African-American Baptist official

Lacey Kirk Williams (July 11, 1871, Eufaula, Alabama - October 29, 1940) was an African-American who served as President of the National Baptist Convention from 1922 to 1940 and as Vice President of the World Baptist Alliance between 1928 and 1940. He died in an aeroplane crash in 1940.

Williams was born in 1871 on the Shorter Plantation near Eufaula, Alabama, to Levi and Elizabeth Williams, who had formerly been enslaved. The family migrated to Texas in 1878.

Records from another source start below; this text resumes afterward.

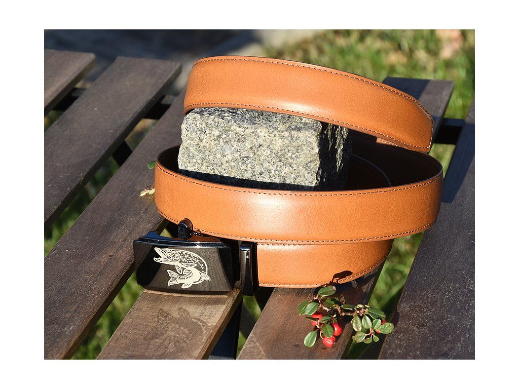 Kožený Společenský Pásek "Štika" - světle hnědý
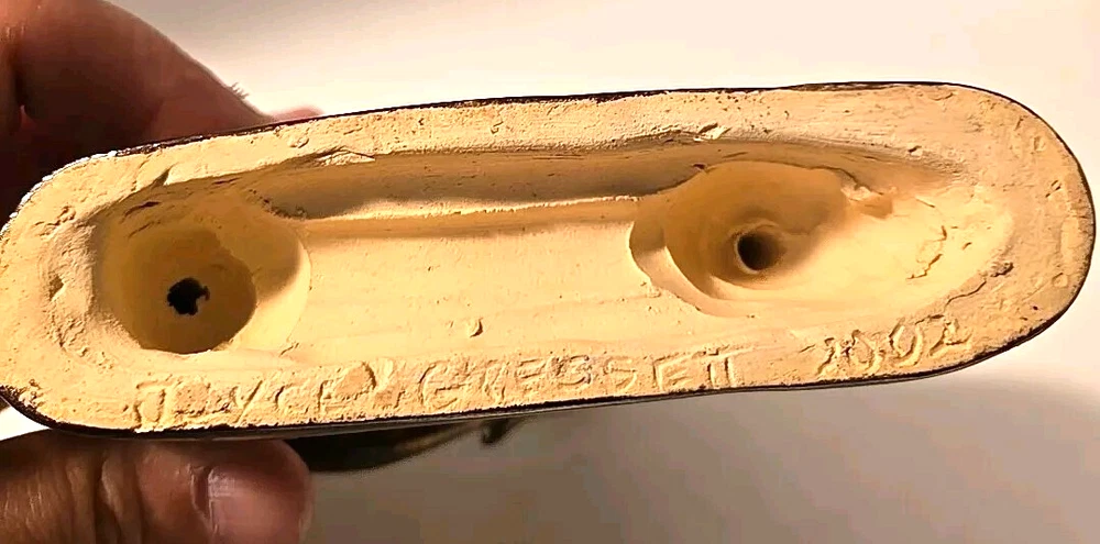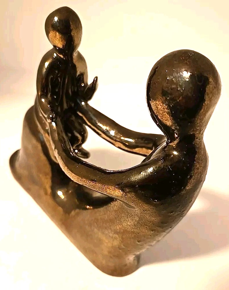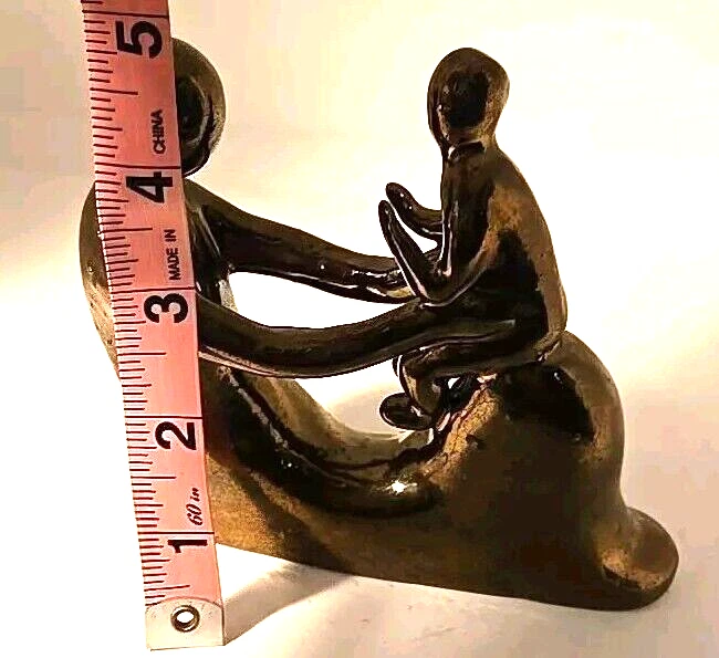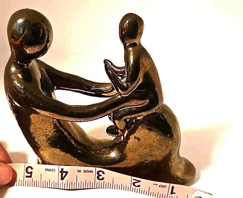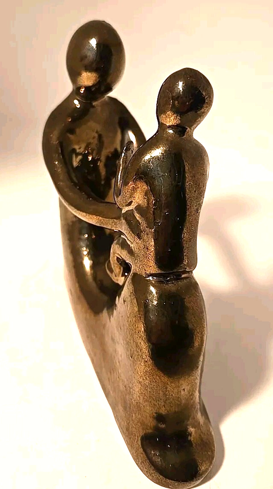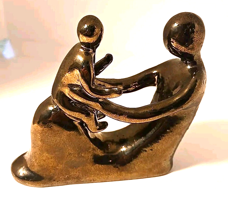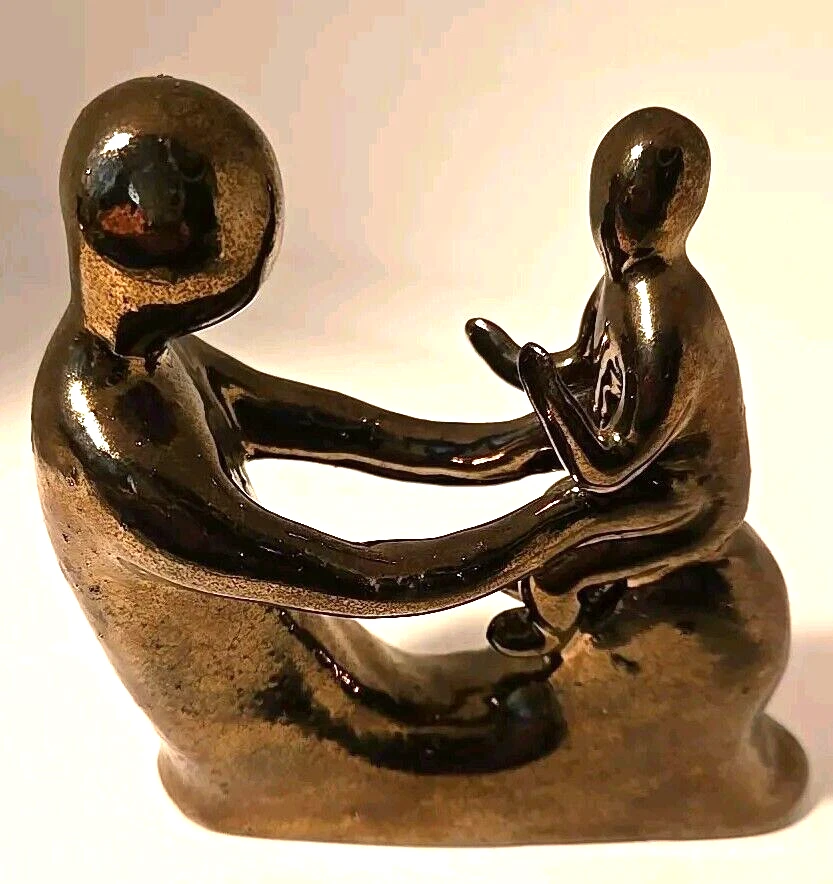 This exquisite sculpture depicts a modernist mother and child engaged in a playful activity. Crafted from bronze and clay, this handmade piece is signed by the artist Joyce Gressett and stands at 5 inches in height and width. The sculpture is an original production from 2002 and is perfect for any contemporary art enthusiast. The sculpture features a minimalist and abstract design that is consistent with modernist art principles. It is a perfect addition to any art collection and can be placed on a table or any other surface. This piece is a must-have for anyone who appreciates the beauty and complexity of contemporary art.
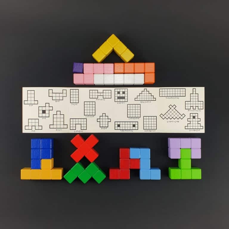 “Pentamino” komplektā iekļautas divas uzdevumu grāmatiņas: viena bērniem un skolniekiem, kurā uzdevumi sakārtoti no vienkāršākajiem līdz sarežģītākajiem, un otra – pieaugušajiem, kurā iekļauti īpaši izaicinoši uzdevumi. Papildus komplektā ir trešā grāmatiņa ar visiem uzdevumu risinājumiem, kas palīdzēs, ja šķitīs, ka uzdevumi ir pārāk grūti.

After being educated at Bishop College in Texas and Arkansas Baptist College, he was ordained to the ministry in 1894 at the Thankful Baptist Church in Pitt Bridge, Texas. In 1910 he became pastor of the Mt. Gilead Baptist Church in Fort Worth.

In 1916 he became pastor of the Mt. Olivet Baptist Church in Chicago. The church grew rapidly over the next decade due to the growing population of African Americans migrating from the South during and after World War I, as well as Williams' dynamic, activist style that appealed to many of the new arrivals. The church grew to become the largest African American church in Chicago and one of the largest in the United States.

In 1919 he was appointed to the Chicago Commission on Race Relations.

In 1922 he assumed the presidency of the National Baptist Convention. Under his leadership, the National Baptist Convention established an interracial alliance, which Williams called a "cooperative," with the American Baptists, a white denomination, that contributed greatly to the growth of the National Baptist Convention and to the black community as a whole. The success of the denomination led to his appointment as Vice President of the World Baptist Alliance in 1928. He continued to serve as president of the National Baptist Convention until his death.

Williams died in a plane crash on October 29, 1940. Williams was heading to a Republican rally for Wendell Willkie in Flint alongside fellow minister William Haynes when the charter plane they were travelling on crashed near Olivet, Michigan.